LOL what? Please show me where it says that streaming isn't supported over wifi. That makes zero sense, as the vast majority of people likely connect all their AV devices via wifi since it's the most convenient. Every other streaming device I have streams fine over wifi, in 4K/HDR even (and many are much older than the Bolt is). Bandwidth isn't an issue as my connection is around 180Mb/sec and the wifi signal near the Tivo will still easily do at least 100Mb/sec, which is at least 5 times what it needs to stream 4K (and like 20 times 1080p).


----------



## jrtroo (Feb 4, 2008)

I'm not going to do that for you. Search here and you'll find many mentions of that policy. It certainly could change in the future, but with a little searching you'll find folks using the workarounds I mention. The first one I would do regardless, but that us up to it ou.


----------



## kpeters59 (Jun 19, 2007)

I'm pretty sure WiFi streaming is supported on TiVo's for Internet Apps.

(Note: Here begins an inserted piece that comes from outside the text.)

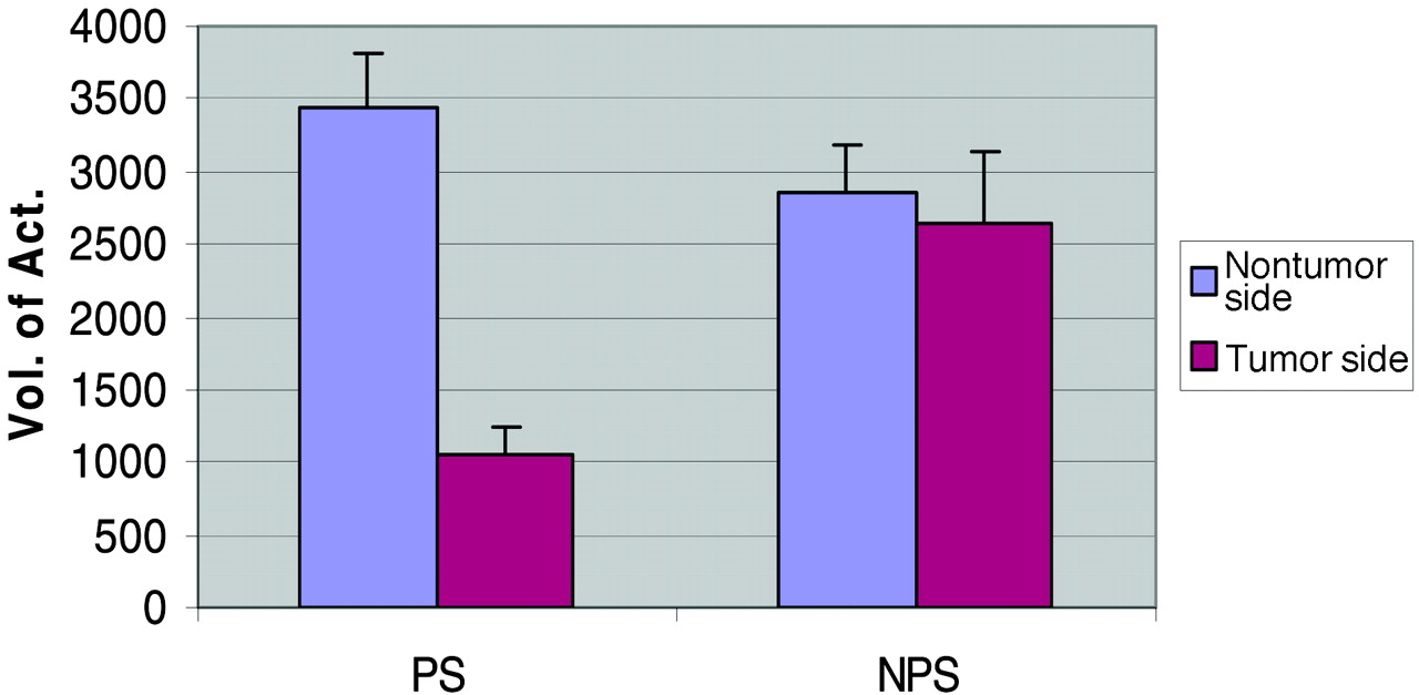Average volume of activation measurements in prior-surgery (PS) and no-prior-surgery (NPS) groups. There is a marked decrease in the tumor side activation volumes of patients with prior surgery.

But, Mini's don't have WiFi capability, so they're clearly _not_ supported.

All that being said, if you don't make any changes to your system, how can you expect any improvement?

Maybe it is a bug that will get fixed, maybe it isn't...

How about try Powerline?

-KP


----------



## TostitoBandito (Sep 18, 2006)

Why would I spend money trying to make changes to my network when this is clearly a bug with the Tivo OS? I mean, I MIGHT consider buying an access point and trying ethernet from that (it's still the same wifi, the TiVo just won't know any better) if Tivo had HDR support in their streaming apps. But since they don't, I'll just stream on my Xbox until Tivo gets their act together. For the amount of money I paid for this I should have higher expectations for service and support. I mean a $50 stick from Amazon or Google is objectively a better streaming device, minus the cable of course. Why am I being ridiculous for expecting Tivo to fix this and not wanting to make a bunch of expensive workarounds which may or may not help?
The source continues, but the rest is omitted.